When product planning meetings take place, Srikanth Santhanam, IT product line and technology development manager, sits in. "Whenever our organization gets together, you have the feel of the whole company," Seif says. "We run information services like it was its own business. You get the freedom to do that only if the guys running the business believe you will do the right job for them. ... We have to re-earn it every year."
For National, producing 4 billion leading-edge components a year and delivering them to customers is just part of the battle. After getting a part off the drawing boards and into production, the company still has to win the hearts and minds of product design engineers in the outside world. They're the ones who decide whether to use National's component or a competitor's.

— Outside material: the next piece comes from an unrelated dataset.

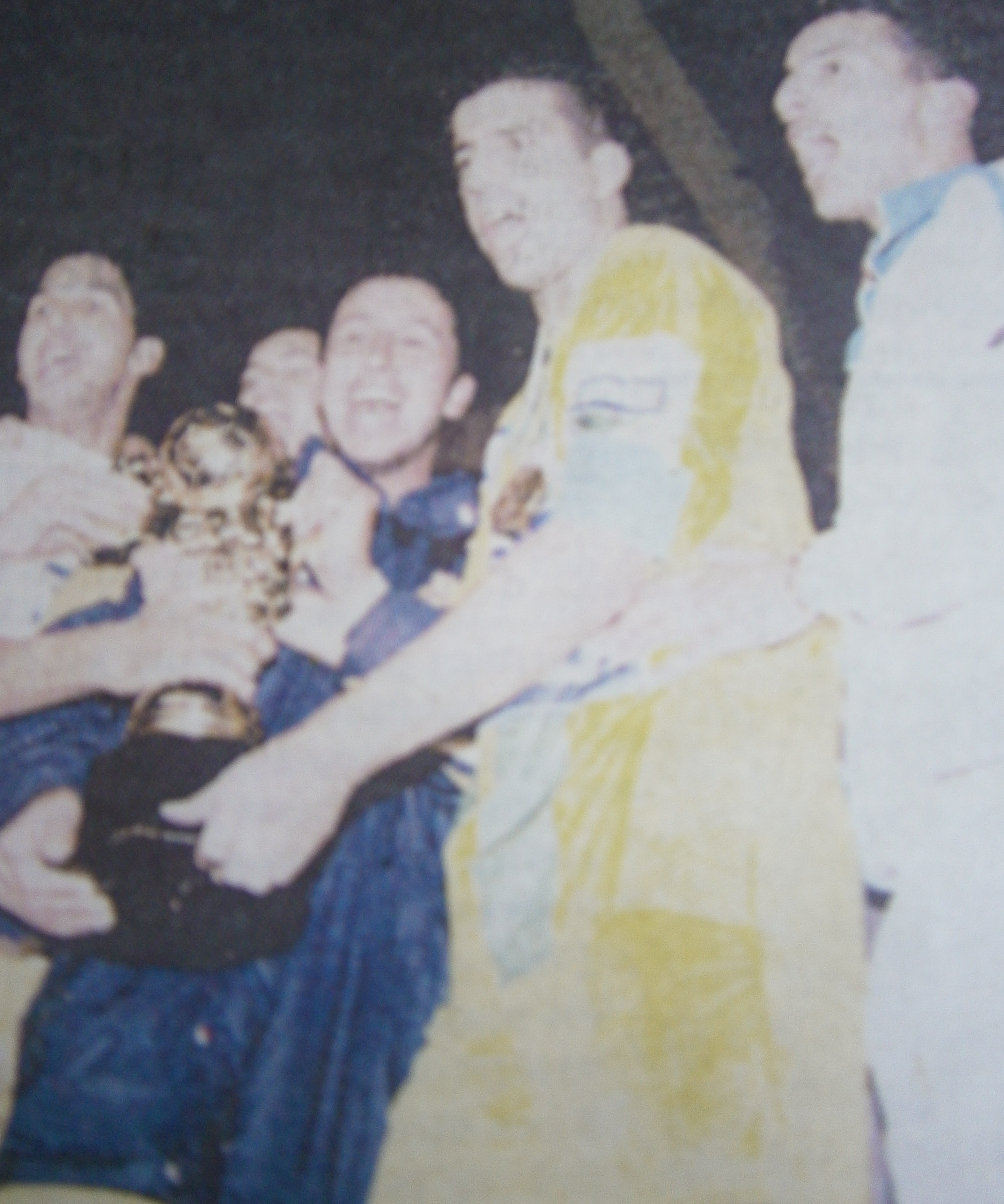 JSK Team receive the trophy of Caf Cup, an africain club competition, in 2001 after the final return at Tizi-Ouzou city in Algeria.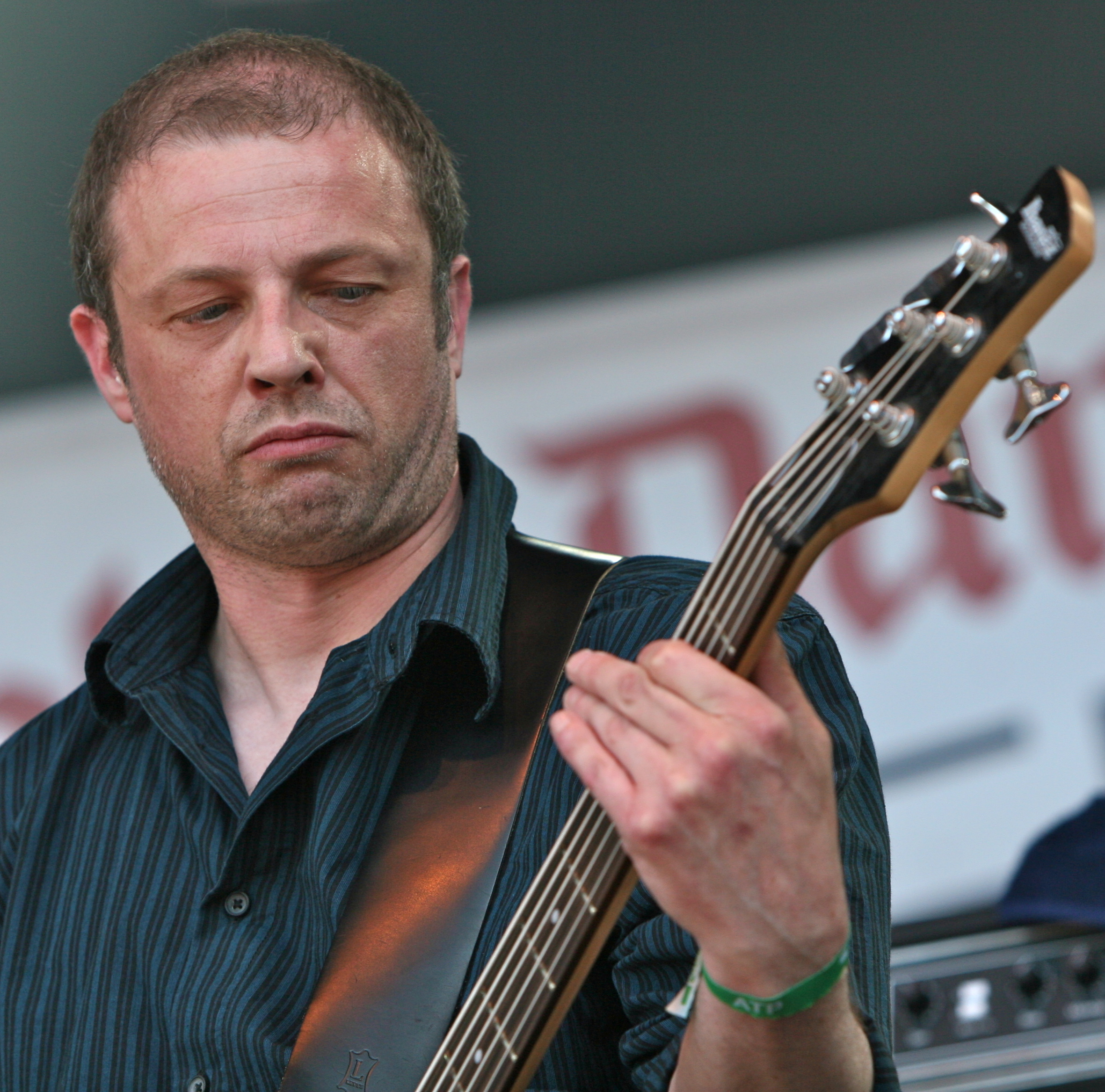 Bass guitarist Diarmuid Dalton performing with Jesu at Primavera Sound festival in 2009.

Seif and Sheau-Huey Yuan, his chief architect, were talking to a VP at a major Asian distributor in 2007 when they asked why it sometimes took as long as two years for design engineers to order promising National parts in quantity. Seif learned that "design engineers want what they want right now." They want to build a prototype and be able to go straight into production, "knowing the latest parts they have designed in will be available in quantity," he says.
With 30,000 parts in the National catalog, independent distributors which account for half of National's sales--are crucial to this product marketing process. They don't stock all of National's parts because the ones that end up driving volume sales are a small fraction of the total. They're similarly reluctant to stock the new parts with unproven track records.